| Exercise directions |
Output exactly the lines of the listing below that run from the line with "第二届中南大学国际青年学者湘江论坛—物理电子分论坛" through the line with "开局的时候玩家可以在右侧向上". No pictures.

| Supplied records |
┌────────
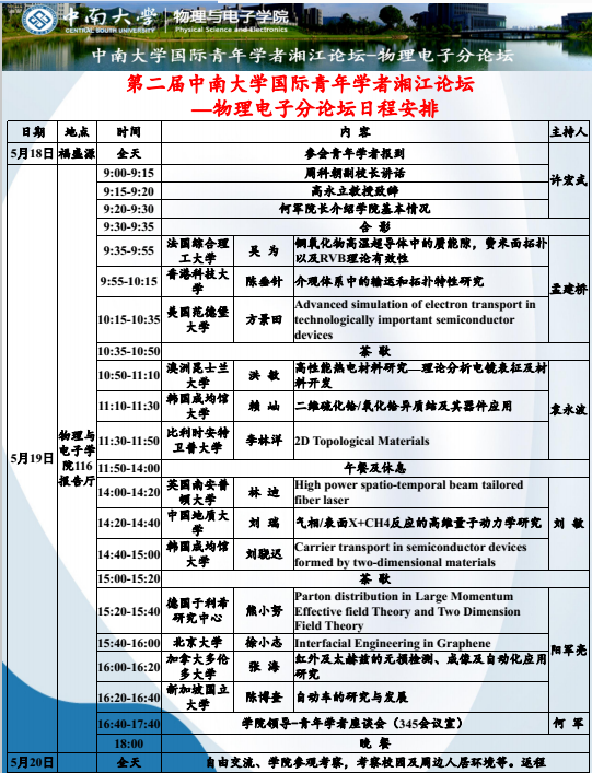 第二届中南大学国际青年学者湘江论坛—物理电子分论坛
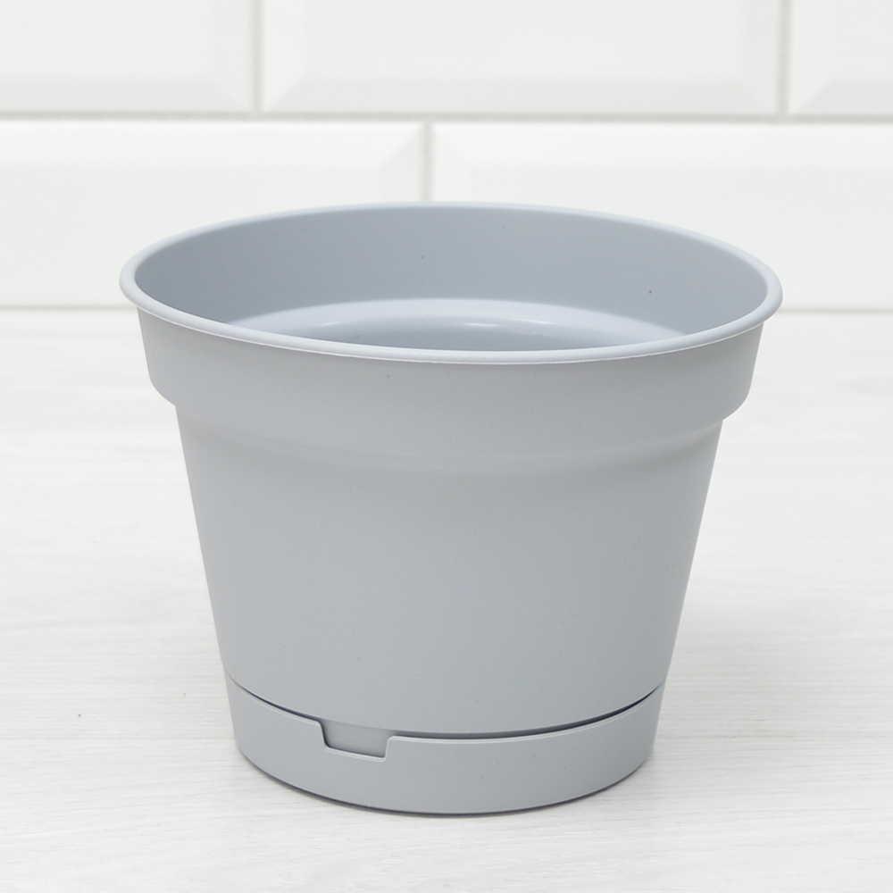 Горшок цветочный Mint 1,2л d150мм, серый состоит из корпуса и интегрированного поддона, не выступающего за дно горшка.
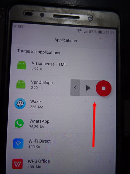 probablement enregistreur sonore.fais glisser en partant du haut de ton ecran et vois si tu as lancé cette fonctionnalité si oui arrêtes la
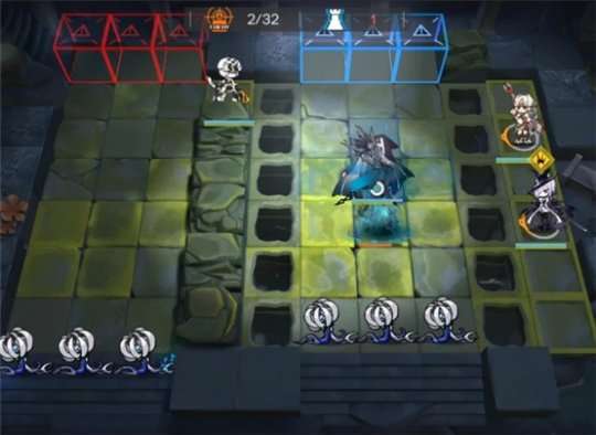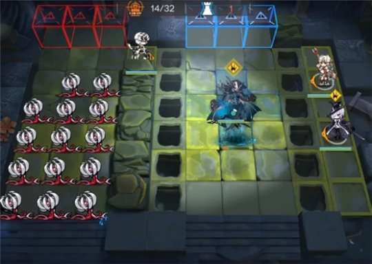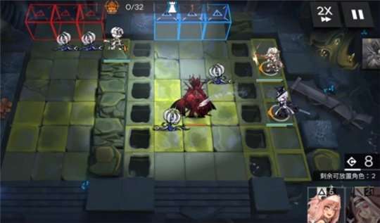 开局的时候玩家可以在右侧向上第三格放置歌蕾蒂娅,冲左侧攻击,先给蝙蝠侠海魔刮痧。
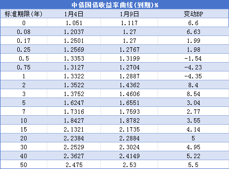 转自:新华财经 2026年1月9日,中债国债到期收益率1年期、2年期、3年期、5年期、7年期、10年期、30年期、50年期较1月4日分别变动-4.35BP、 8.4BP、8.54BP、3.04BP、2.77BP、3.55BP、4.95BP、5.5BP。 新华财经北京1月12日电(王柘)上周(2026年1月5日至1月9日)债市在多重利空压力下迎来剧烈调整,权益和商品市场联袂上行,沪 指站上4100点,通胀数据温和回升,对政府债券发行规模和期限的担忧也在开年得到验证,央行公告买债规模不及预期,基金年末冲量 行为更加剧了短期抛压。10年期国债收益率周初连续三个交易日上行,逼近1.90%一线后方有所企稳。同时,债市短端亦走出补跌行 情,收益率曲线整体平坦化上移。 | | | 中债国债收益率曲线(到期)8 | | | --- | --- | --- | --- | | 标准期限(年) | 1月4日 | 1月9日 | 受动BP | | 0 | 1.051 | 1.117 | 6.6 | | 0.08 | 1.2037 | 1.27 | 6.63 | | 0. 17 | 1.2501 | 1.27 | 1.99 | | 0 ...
└────────
┌────────
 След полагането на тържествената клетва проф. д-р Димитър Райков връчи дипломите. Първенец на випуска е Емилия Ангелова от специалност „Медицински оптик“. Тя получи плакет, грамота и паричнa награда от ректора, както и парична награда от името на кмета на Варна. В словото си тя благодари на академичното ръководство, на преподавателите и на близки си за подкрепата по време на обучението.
└────────
| Exercise output |
 第二届中南大学国际青年学者湘江论坛—物理电子分论坛
 Горшок цветочный Mint 1,2л d150мм, серый состоит из корпуса и интегрированного поддона, не выступающего за дно горшка.
 probablement enregistreur sonore.fais glisser en partant du haut de ton ecran et vois si tu as lancé cette fonctionnalité si oui arrêtes la
 开局的时候玩家可以在右侧向上第三格放置歌蕾蒂娅,冲左侧攻击,先给蝙蝠侠海魔刮痧。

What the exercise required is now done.